WHAT YOU ARE ASKED TO DO: Leaving out the pictures, return word for word the stretch of entries below from the line holding "Etihad Towers 塔楼坐落在阿布扎比海滨大道(Corniche" through the line holding "大室山登山纜車 位於靜岡縣伊豆高原,是伊豆代表性的自然地標。搭乘單人開放式登山纜車,約 6".

THE DATA:
Start of Block
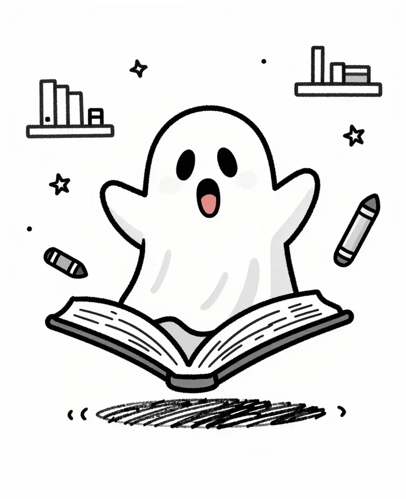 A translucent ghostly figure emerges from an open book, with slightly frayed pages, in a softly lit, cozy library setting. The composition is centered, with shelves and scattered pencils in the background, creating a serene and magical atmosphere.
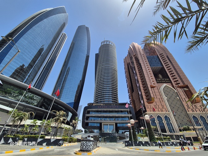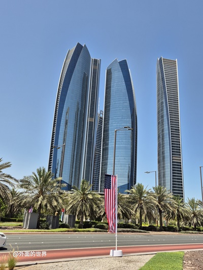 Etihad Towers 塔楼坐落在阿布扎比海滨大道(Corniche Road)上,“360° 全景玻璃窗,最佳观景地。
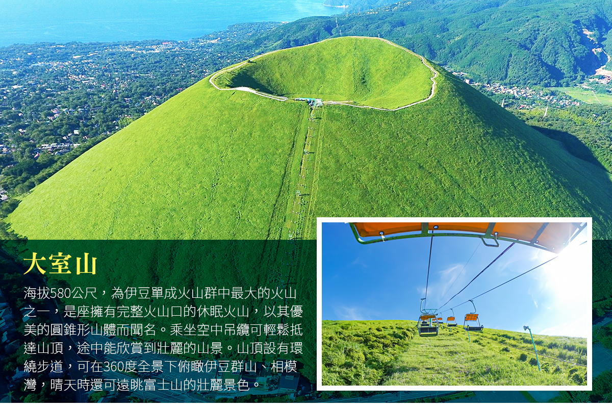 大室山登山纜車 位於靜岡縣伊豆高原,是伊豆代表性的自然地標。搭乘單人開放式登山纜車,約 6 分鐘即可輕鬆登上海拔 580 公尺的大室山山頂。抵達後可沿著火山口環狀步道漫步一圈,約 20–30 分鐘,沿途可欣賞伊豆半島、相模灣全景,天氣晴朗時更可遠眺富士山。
End of Block
Start of Block
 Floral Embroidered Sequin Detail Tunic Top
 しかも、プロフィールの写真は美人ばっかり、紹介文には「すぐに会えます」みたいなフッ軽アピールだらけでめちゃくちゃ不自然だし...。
End of Block
WRITTEN ANSWER:
 Etihad Towers 塔楼坐落在阿布扎比海滨大道(Corniche Road)上,“360° 全景玻璃窗,最佳观景地。
 大室山登山纜車 位於靜岡縣伊豆高原,是伊豆代表性的自然地標。搭乘單人開放式登山纜車,約 6 分鐘即可輕鬆登上海拔 580 公尺的大室山山頂。抵達後可沿著火山口環狀步道漫步一圈,約 20–30 分鐘,沿途可欣賞伊豆半島、相模灣全景,天氣晴朗時更可遠眺富士山。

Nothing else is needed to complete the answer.